─── Exercise input ───

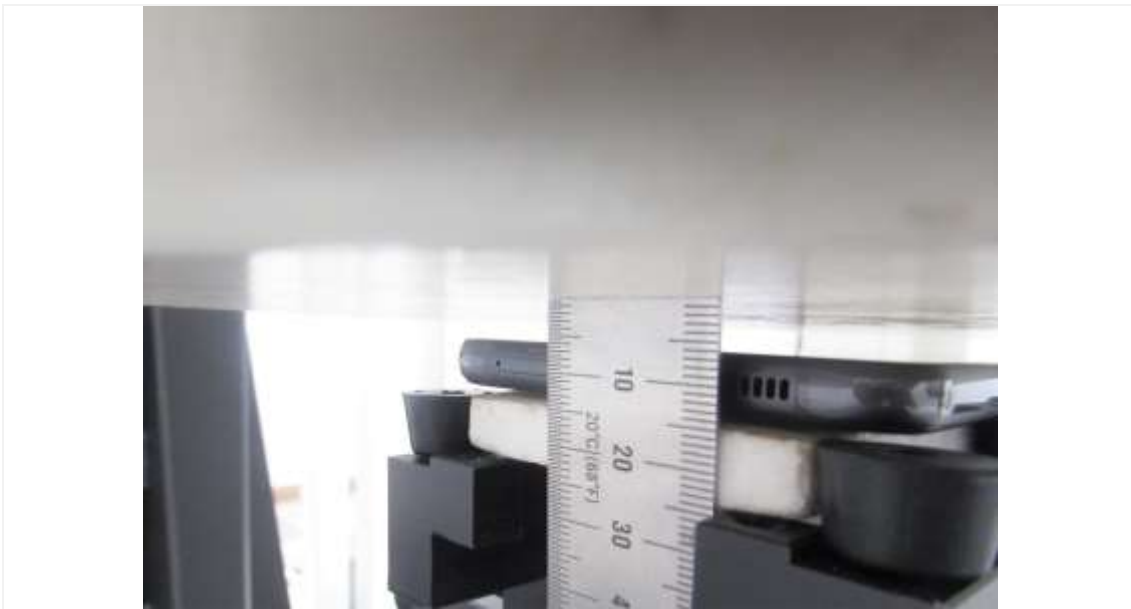
Distance of 6 mm from the EUT
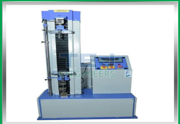
Fabric Universal Tensile Testing Machine
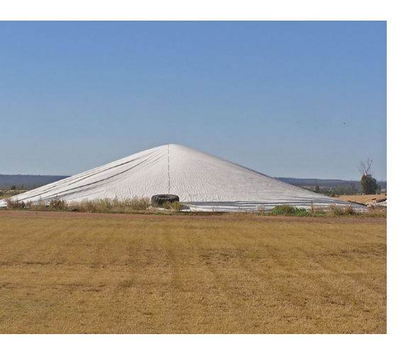
Covered grain stockpile in a bunker storage with small earthen walls.
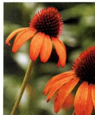
‘Tiki Torch’ Pumpkin-orange flowers in summer; 24 to 36 in. tall, 18 to 24 in. wide; cold zones 3 to 9, heat zones 9 to 1
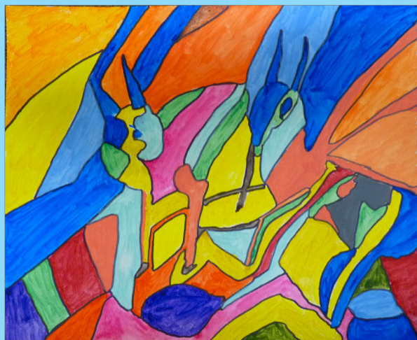
Flowing Rhythm 18in x 11.75in Pen and line with watercolour
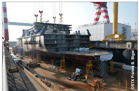
Meraviglia (MSC) during construction phase
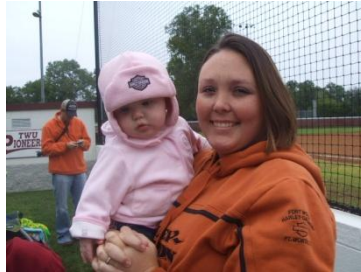
A future Pioneer?
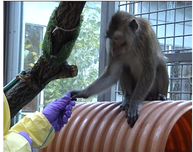
Figure 1. Caretaker interacting with long-tailed macaque ( Macaca fascicularis ).

Non-human primates communicate with facial expressions and postural displays, in addition to auditory and olfactory cues. Therefore, it is important to come across as non-threatening or neutral. Loud voices, laughing, staring, and fast movements can all be unsettling or even threatening to a primate. It is important to know the basic behavioural repertoire indicating affective state (in primates ranging from head bobbing to showing the teeth, presenting hind quarters, and scenting with urine) of the species in question (see Wolfensohn and Honess, 2005). However, the caretaker can try to mimic friendly contact sounds or facial expressions (e.g. lip smacking) of the species in question. A word of caution when working with primates: avoid getting caught up in a power struggle and try not to compete for rank with a monkey. The animal should respect the caregiver but not try to fit the person into its own social hierarchy.
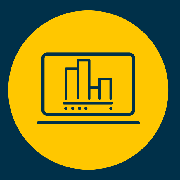
Train & Qualify Users
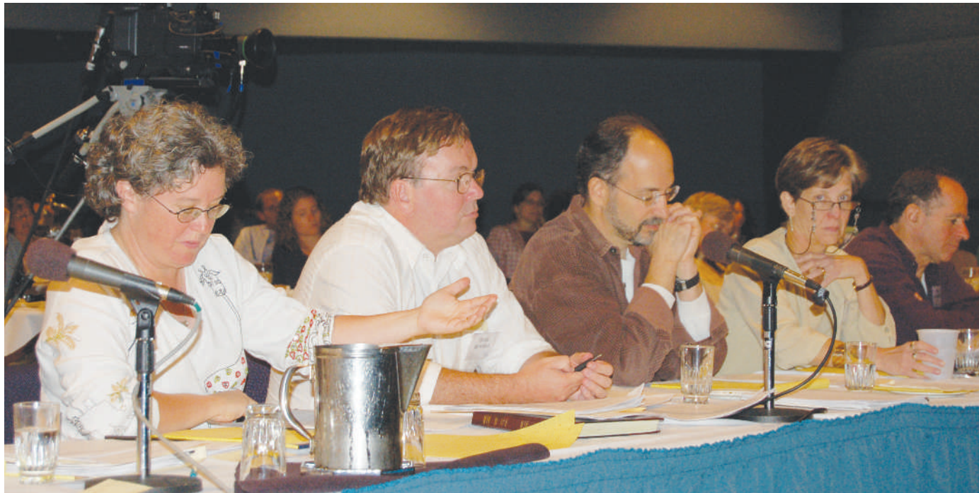
Grad idol: a multidisciplinary panel of experts questions the students about their research proposals.

services, such as fresh water, that the communities rely on. New housing developments are being designed and marketed as having a reduced environmental footprint, although there is no comprehensive study of the true environmental impacts of individual developments. So the group proposed a comparative study between conventional and tightly grouped 'cluster' housing communities.
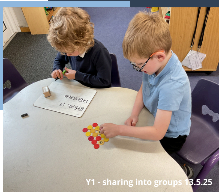
Y1 - sharing into groups 13.5.25
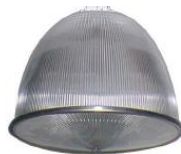
Acrylic Refractor & Conical Lens
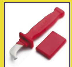
Cable Stripping Knife
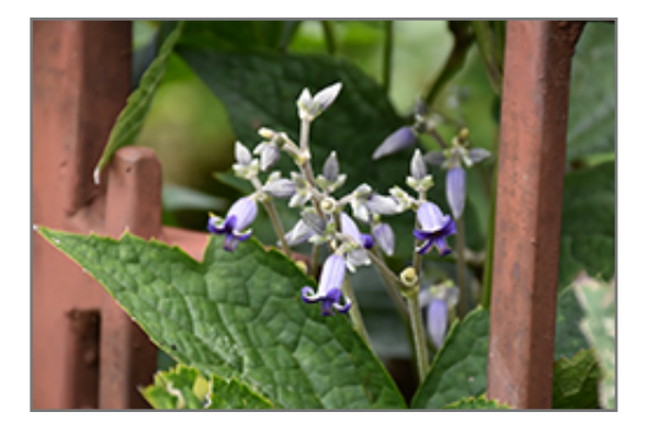
Japanese Clematis flowers

Japanese Clematis is an herbaceous perennial with an upright spreading habit of growth. Its medium texture blends into the garden, but can always be balanced by a couple of finer or coarser plants for an effective composition.

───

Work item: Pictures stay out, but every record above is to be returned exactly.

Response area:
Distance of 6 mm from the EUT
Fabric Universal Tensile Testing Machine
Covered grain stockpile in a bunker storage with small earthen walls.
‘Tiki Torch’ Pumpkin-orange flowers in summer; 24 to 36 in. tall, 18 to 24 in. wide; cold zones 3 to 9, heat zones 9 to 1
Flowing Rhythm 18in x 11.75in Pen and line with watercolour
Meraviglia (MSC) during construction phase
A future Pioneer?
Figure 1. Caretaker interacting with long-tailed macaque ( Macaca fascicularis ).

Non-human primates communicate with facial expressions and postural displays, in addition to auditory and olfactory cues. Therefore, it is important to come across as non-threatening or neutral. Loud voices, laughing, staring, and fast movements can all be unsettling or even threatening to a primate. It is important to know the basic behavioural repertoire indicating affective state (in primates ranging from head bobbing to showing the teeth, presenting hind quarters, and scenting with urine) of the species in question (see Wolfensohn and Honess, 2005). However, the caretaker can try to mimic friendly contact sounds or facial expressions (e.g. lip smacking) of the species in question. A word of caution when working with primates: avoid getting caught up in a power struggle and try not to compete for rank with a monkey. The animal should respect the caregiver but not try to fit the person into its own social hierarchy.
Train & Qualify Users
Grad idol: a multidisciplinary panel of experts questions the students about their research proposals.

services, such as fresh water, that the communities rely on. New housing developments are being designed and marketed as having a reduced environmental footprint, although there is no comprehensive study of the true environmental impacts of individual developments. So the group proposed a comparative study between conventional and tightly grouped 'cluster' housing communities.
Y1 - sharing into groups 13.5.25
Acrylic Refractor & Conical Lens
Cable Stripping Knife
Japanese Clematis flowers

Japanese Clematis is an herbaceous perennial with an upright spreading habit of growth. Its medium texture blends into the garden, but can always be balanced by a couple of finer or coarser plants for an effective composition.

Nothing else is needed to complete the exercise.